TASK TO CARRY OUT
Would you restate the entries below word for word, starting at the first line and ending with the one that has "This floral sleeveless"?

Collection entries
◇ ◇ ◇

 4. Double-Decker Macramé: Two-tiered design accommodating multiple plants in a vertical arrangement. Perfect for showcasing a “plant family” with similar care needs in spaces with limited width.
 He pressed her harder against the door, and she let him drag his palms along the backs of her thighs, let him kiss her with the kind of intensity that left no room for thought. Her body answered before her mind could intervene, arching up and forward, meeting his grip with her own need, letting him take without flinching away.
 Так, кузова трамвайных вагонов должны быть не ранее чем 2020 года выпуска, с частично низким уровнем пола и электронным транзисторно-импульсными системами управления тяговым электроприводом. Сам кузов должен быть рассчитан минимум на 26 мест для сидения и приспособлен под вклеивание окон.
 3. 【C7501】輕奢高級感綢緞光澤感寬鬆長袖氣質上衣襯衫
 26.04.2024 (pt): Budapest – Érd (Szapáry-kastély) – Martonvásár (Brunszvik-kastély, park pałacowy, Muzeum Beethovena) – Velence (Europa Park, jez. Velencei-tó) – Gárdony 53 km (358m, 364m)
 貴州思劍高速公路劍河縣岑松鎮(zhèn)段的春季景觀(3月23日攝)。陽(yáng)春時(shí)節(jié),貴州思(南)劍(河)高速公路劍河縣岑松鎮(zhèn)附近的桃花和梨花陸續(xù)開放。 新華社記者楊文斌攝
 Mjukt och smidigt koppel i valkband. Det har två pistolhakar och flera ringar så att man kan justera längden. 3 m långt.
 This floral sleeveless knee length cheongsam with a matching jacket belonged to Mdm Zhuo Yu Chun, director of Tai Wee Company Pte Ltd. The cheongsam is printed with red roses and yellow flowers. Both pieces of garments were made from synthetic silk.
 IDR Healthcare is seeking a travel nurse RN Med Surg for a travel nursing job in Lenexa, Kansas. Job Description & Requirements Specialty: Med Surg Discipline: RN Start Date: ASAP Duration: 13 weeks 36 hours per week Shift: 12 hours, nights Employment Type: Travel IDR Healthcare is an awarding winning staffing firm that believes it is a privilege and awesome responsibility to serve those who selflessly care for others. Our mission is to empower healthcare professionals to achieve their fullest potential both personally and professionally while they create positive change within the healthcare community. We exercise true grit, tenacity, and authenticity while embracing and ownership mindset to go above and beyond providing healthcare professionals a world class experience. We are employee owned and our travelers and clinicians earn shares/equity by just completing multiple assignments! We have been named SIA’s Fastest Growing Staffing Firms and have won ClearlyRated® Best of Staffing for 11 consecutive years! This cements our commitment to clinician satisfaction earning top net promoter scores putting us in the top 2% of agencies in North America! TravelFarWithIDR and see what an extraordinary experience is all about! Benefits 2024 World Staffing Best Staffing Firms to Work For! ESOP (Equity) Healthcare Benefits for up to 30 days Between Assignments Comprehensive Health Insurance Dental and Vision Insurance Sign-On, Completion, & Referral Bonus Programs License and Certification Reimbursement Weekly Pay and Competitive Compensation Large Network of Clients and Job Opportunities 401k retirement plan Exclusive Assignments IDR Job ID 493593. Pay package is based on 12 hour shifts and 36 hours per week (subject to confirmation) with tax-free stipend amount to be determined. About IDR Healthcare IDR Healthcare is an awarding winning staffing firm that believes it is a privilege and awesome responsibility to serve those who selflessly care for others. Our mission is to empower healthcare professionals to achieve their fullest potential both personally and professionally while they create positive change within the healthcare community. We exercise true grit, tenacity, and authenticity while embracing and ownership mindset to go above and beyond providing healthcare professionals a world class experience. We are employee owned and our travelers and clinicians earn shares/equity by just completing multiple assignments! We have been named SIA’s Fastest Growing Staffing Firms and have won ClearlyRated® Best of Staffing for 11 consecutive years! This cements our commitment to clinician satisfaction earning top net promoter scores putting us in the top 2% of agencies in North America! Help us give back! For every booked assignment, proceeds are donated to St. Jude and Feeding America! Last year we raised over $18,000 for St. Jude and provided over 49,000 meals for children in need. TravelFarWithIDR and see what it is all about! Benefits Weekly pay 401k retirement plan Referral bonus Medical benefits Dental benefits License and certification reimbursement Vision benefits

◇ ◇ ◇

YOUR RESPONSE
 4. Double-Decker Macramé: Two-tiered design accommodating multiple plants in a vertical arrangement. Perfect for showcasing a “plant family” with similar care needs in spaces with limited width.
 He pressed her harder against the door, and she let him drag his palms along the backs of her thighs, let him kiss her with the kind of intensity that left no room for thought. Her body answered before her mind could intervene, arching up and forward, meeting his grip with her own need, letting him take without flinching away.
 Так, кузова трамвайных вагонов должны быть не ранее чем 2020 года выпуска, с частично низким уровнем пола и электронным транзисторно-импульсными системами управления тяговым электроприводом. Сам кузов должен быть рассчитан минимум на 26 мест для сидения и приспособлен под вклеивание окон.
 3. 【C7501】輕奢高級感綢緞光澤感寬鬆長袖氣質上衣襯衫
 26.04.2024 (pt): Budapest – Érd (Szapáry-kastély) – Martonvásár (Brunszvik-kastély, park pałacowy, Muzeum Beethovena) – Velence (Europa Park, jez. Velencei-tó) – Gárdony 53 km (358m, 364m)
 貴州思劍高速公路劍河縣岑松鎮(zhèn)段的春季景觀(3月23日攝)。陽(yáng)春時(shí)節(jié),貴州思(南)劍(河)高速公路劍河縣岑松鎮(zhèn)附近的桃花和梨花陸續(xù)開放。 新華社記者楊文斌攝
 Mjukt och smidigt koppel i valkband. Det har två pistolhakar och flera ringar så att man kan justera längden. 3 m långt.
 This floral sleeveless knee length cheongsam with a matching jacket belonged to Mdm Zhuo Yu Chun, director of Tai Wee Company Pte Ltd. The cheongsam is printed with red roses and yellow flowers. Both pieces of garments were made from synthetic silk.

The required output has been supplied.